Court of Appeals of Texas, Twelfth District, Tyler

May 31, 2017


         Appeal from the County Court at Law No. 2 of Gregg County, Texas (Tr.Ct.No. 2012-1074-CCL2)

          Panel consisted of Worthen, C.J., Hoyle, J., and Neeley, J.


          James T. Worthen Chief Justice.

         This case involves a dispute over a supply contract between Red Ball Oxygen Company, Inc. and Southwest Railroad Car Parts Company which led to litigation involving a suit on account, tortious interference, and reciprocal breach of contract claims. In six issues, Red Ball asserts the trial court misconstrued the contract, Southwest, not Red Ball, breached the contract, and therefore Red Ball, not Southwest, is entitled to damages and attorney's fees. We affirm.


         In 2005, Southwest agreed to a long-term contract with Red Ball for the purchase of oxygen and propane. In January 2012, David Toarmina, Southwest's vice president and general counsel, questioned price increases instituted by Red Ball, as well as certain other charges, and refused to pay a portion of billed amounts. In February 2012, Toarmina notified Red Ball that Southwest would be cancelling the contract effective June 1, 2012, but asked Red Ball to submit a proposal for supplying oxygen to Southwest after that date.
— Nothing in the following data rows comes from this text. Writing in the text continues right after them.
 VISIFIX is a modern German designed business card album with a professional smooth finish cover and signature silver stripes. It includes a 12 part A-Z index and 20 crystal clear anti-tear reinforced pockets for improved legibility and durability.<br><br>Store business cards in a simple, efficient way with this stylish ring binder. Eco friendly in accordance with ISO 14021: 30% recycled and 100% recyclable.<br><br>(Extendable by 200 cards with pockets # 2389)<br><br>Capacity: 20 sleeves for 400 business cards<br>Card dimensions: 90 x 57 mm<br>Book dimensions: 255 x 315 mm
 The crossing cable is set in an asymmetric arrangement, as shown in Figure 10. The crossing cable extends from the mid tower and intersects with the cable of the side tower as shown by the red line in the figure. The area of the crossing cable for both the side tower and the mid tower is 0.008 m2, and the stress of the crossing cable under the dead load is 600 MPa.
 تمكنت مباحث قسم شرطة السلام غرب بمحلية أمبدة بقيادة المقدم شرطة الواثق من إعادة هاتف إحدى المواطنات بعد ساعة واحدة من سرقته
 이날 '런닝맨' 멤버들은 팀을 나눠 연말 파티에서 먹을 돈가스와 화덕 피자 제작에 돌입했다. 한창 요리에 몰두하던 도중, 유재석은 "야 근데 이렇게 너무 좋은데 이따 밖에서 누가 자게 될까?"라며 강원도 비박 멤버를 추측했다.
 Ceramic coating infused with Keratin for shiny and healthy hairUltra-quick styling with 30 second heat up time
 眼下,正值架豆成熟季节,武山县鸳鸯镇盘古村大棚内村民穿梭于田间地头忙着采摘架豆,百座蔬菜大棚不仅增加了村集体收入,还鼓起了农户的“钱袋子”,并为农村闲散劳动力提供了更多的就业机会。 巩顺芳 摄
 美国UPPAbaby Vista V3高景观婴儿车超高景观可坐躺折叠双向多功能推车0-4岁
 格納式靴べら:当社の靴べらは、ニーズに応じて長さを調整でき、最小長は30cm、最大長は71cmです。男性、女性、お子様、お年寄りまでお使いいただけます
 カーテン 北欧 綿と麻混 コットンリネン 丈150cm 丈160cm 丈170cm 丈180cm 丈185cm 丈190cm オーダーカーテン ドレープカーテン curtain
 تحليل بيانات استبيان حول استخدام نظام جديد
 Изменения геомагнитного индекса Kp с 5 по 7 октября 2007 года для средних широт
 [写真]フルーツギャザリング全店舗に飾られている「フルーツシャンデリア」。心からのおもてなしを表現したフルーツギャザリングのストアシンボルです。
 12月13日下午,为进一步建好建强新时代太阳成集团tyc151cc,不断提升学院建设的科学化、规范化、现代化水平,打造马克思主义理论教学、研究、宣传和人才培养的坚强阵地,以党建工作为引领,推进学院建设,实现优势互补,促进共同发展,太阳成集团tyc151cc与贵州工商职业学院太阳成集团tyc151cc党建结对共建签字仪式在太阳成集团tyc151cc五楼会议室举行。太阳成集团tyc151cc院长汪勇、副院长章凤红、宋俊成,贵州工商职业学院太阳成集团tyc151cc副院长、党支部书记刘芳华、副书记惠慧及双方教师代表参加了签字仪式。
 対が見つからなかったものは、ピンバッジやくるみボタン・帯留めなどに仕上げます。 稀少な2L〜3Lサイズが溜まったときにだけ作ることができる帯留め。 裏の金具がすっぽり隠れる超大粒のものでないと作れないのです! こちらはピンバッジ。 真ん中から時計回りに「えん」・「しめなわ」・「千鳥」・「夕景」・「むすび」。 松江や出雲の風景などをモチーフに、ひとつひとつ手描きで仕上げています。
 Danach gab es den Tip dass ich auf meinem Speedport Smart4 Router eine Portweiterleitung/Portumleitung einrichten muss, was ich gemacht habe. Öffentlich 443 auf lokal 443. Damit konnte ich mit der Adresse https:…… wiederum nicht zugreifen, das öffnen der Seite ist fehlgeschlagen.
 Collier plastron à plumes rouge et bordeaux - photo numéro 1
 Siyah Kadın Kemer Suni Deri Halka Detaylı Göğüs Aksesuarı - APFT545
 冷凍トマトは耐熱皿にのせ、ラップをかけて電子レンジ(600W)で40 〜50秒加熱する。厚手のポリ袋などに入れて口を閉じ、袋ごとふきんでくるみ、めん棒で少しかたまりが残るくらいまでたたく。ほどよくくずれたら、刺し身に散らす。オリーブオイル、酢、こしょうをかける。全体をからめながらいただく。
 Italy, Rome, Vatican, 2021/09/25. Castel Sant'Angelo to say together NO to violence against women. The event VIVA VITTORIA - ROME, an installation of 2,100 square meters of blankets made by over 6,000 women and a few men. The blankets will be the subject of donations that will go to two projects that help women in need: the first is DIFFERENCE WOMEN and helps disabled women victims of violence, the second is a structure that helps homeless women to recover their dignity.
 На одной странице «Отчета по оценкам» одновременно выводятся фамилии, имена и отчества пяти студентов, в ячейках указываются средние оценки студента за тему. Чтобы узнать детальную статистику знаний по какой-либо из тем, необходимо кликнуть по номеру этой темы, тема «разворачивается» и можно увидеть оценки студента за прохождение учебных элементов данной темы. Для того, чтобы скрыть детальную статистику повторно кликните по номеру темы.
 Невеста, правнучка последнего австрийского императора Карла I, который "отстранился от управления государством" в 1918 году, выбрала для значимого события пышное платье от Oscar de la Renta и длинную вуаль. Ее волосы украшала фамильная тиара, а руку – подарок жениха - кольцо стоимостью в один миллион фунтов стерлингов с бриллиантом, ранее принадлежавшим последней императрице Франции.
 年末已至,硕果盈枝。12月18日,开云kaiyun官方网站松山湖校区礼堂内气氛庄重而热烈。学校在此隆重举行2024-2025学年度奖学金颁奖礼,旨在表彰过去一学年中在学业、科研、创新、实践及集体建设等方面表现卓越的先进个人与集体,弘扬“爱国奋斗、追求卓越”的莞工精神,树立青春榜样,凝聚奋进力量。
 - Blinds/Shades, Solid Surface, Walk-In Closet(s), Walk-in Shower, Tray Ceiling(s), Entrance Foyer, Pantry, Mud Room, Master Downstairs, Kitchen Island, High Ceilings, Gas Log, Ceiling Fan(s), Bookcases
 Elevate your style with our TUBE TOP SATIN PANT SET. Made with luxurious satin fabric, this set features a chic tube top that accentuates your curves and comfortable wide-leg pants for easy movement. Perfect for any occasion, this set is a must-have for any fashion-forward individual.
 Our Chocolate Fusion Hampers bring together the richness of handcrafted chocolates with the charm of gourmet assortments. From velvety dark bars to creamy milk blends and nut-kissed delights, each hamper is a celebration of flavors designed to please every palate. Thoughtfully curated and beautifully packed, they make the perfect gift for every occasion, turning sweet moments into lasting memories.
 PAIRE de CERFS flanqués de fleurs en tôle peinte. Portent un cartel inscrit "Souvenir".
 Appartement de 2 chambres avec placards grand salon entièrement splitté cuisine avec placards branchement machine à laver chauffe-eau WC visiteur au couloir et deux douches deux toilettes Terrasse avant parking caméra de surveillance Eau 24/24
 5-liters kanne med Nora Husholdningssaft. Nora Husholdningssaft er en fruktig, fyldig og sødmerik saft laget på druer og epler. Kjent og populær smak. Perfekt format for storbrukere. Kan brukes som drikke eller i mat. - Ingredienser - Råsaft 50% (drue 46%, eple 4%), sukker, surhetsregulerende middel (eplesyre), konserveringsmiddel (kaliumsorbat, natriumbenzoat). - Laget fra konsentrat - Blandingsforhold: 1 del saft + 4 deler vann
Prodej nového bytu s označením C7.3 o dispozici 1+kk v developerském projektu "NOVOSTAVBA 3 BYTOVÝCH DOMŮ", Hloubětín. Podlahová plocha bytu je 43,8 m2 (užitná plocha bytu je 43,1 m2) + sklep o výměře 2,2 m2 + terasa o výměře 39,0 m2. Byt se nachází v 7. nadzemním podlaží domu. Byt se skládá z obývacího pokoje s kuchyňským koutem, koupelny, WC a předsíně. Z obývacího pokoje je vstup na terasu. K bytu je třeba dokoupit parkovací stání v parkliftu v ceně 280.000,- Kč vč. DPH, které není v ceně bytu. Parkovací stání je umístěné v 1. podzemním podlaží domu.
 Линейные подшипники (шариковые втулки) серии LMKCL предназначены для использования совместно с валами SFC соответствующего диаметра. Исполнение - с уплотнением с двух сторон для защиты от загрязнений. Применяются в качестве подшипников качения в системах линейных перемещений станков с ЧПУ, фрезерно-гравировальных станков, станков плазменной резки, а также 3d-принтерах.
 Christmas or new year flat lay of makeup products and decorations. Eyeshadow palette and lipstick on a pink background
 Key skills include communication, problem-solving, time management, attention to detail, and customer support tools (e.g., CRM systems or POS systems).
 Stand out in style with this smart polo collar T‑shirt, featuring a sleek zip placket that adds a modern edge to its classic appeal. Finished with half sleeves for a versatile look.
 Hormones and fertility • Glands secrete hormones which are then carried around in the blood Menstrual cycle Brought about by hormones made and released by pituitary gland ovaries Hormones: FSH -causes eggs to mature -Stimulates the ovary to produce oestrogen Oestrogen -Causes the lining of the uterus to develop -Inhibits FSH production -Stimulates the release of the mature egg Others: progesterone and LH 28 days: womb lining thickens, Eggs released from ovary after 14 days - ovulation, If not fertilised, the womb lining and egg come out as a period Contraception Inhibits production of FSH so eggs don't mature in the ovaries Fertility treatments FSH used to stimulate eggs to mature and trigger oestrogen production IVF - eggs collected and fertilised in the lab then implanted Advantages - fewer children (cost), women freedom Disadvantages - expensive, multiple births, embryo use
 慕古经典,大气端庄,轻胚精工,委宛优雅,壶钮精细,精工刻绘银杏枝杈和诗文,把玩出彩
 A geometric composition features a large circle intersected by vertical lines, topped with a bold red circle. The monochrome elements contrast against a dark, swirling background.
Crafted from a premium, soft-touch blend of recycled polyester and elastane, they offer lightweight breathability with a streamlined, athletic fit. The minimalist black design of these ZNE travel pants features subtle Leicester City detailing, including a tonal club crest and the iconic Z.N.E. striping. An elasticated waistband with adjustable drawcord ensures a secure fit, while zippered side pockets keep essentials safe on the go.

The parties were unable to resolve the disputes concerning the 2005 contract or reach a new agreement. Southwest entered into contracts with other suppliers, Air Products and Air Liquide Industrial U.S., L.P., effective June 1, 2012.

         Red Ball sued Southwest for suit on account and breach of contract, and requested a declaration that Southwest prematurely terminated the contract and that the contract was valid until November 4, 2015. Red Ball also sued Air Liquide for tortious interference with contract. Red Ball prayed for actual damages against Southwest, damages against Southwest and Air Liquide for lost profits and rentals, exemplary damages against Air Liquide, attorney's fees, and a declaration that the contract was enforceable through November 4, 2015.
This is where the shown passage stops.